Task statement —
Write out the records below from the first line through the line containing "Drei Gedenksteine in", leaving out any pictures.

Information provided —
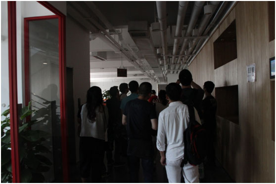 10月23號一早,共創(chuàng)會一行就來到了廣州芬尼克茲集團,首先進行集團的參觀,不虧為移動互聯(lián)網(wǎng)時代生存的“瘋狂組織”,集團內(nèi)部設計裝修全由員工自發(fā)設計裝修,別具個性特色。
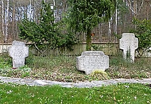 Drei Gedenksteine in Kreuzform auf dem Friedhof tragen die Namen der Gefallenen beider Weltkriege.
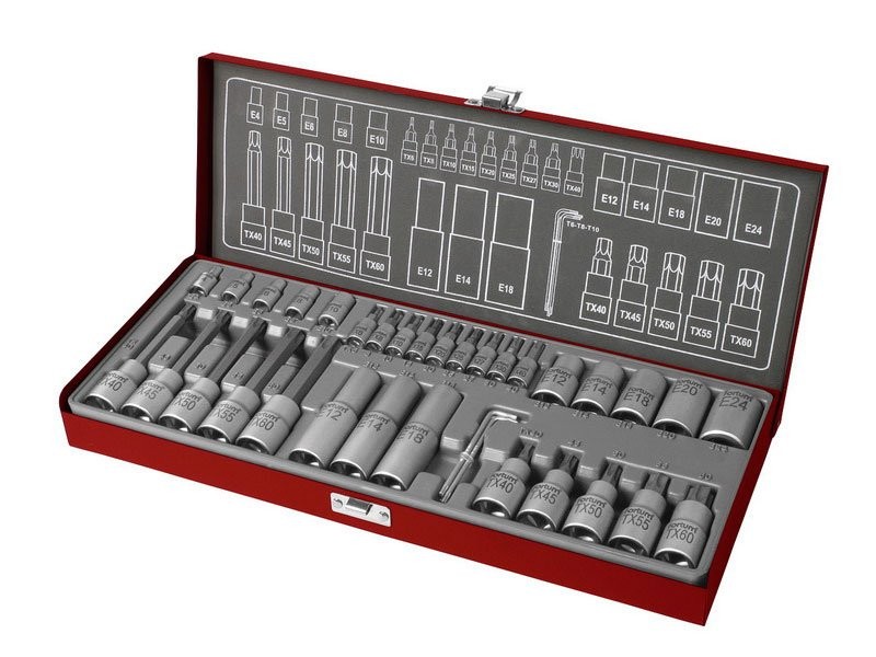 FORTUM kľúče nástrčné a zástrčné TORX, sada 35ks 1/4", 1/2" 4700009
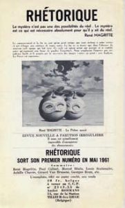 [René Magritte]. Rhétorique. Tilleur-lez-Liège, directeur: André Bosmans. In-12 ou in-16, agrafés ou broché (n° 3). N° 1 à 13, mai 1961 à février 1966. Collection complète de cette revue illustrée par René Magritte. Certains numéros de la
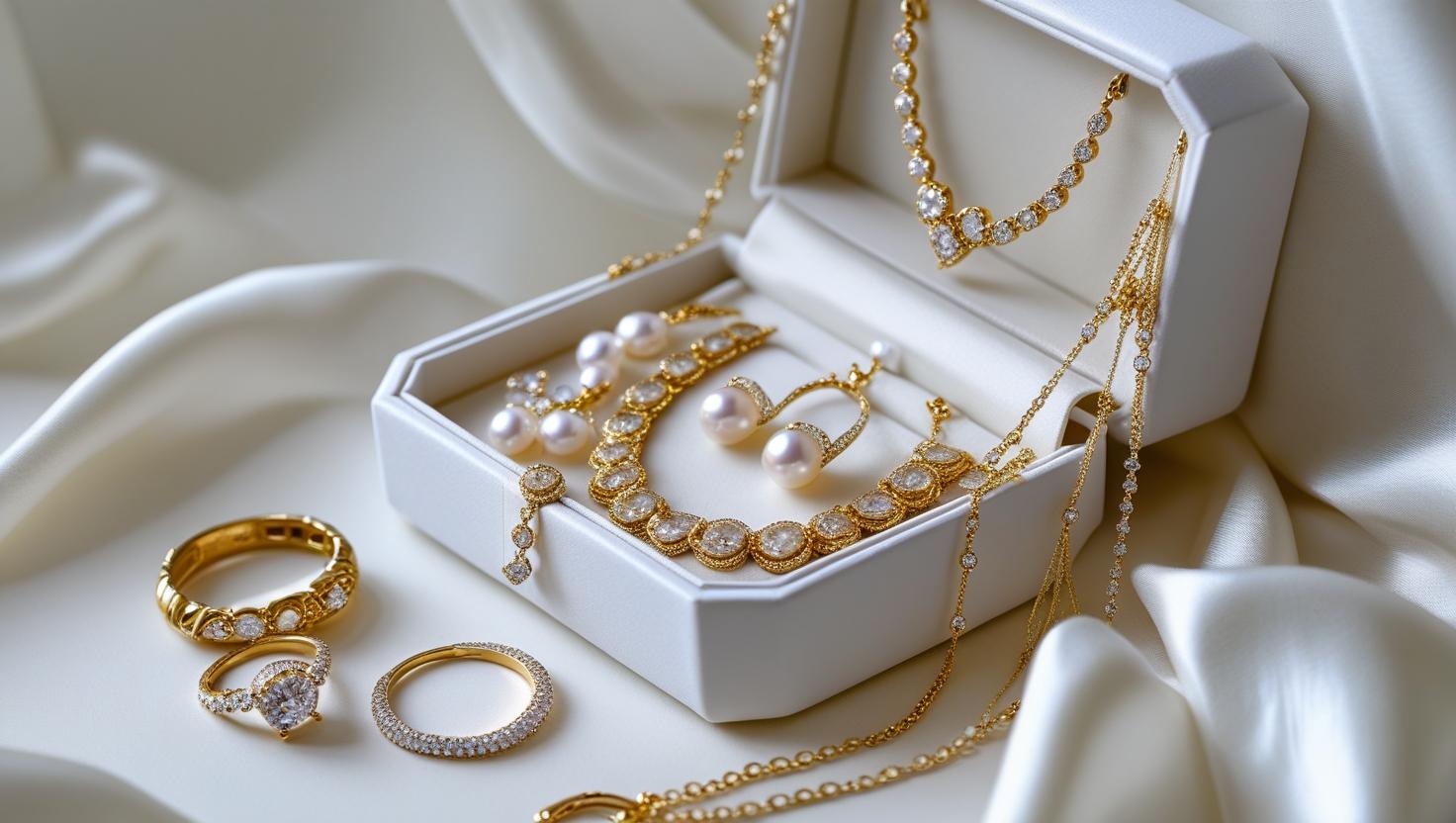 arka planında sade bir yer olan, beyaz takı kutusuna konulmuş takılar oluştur.

Task answer —
 10月23號一早,共創(chuàng)會一行就來到了廣州芬尼克茲集團,首先進行集團的參觀,不虧為移動互聯(lián)網(wǎng)時代生存的“瘋狂組織”,集團內(nèi)部設計裝修全由員工自發(fā)設計裝修,別具個性特色。
 Drei Gedenksteine in Kreuzform auf dem Friedhof tragen die Namen der Gefallenen beider Weltkriege.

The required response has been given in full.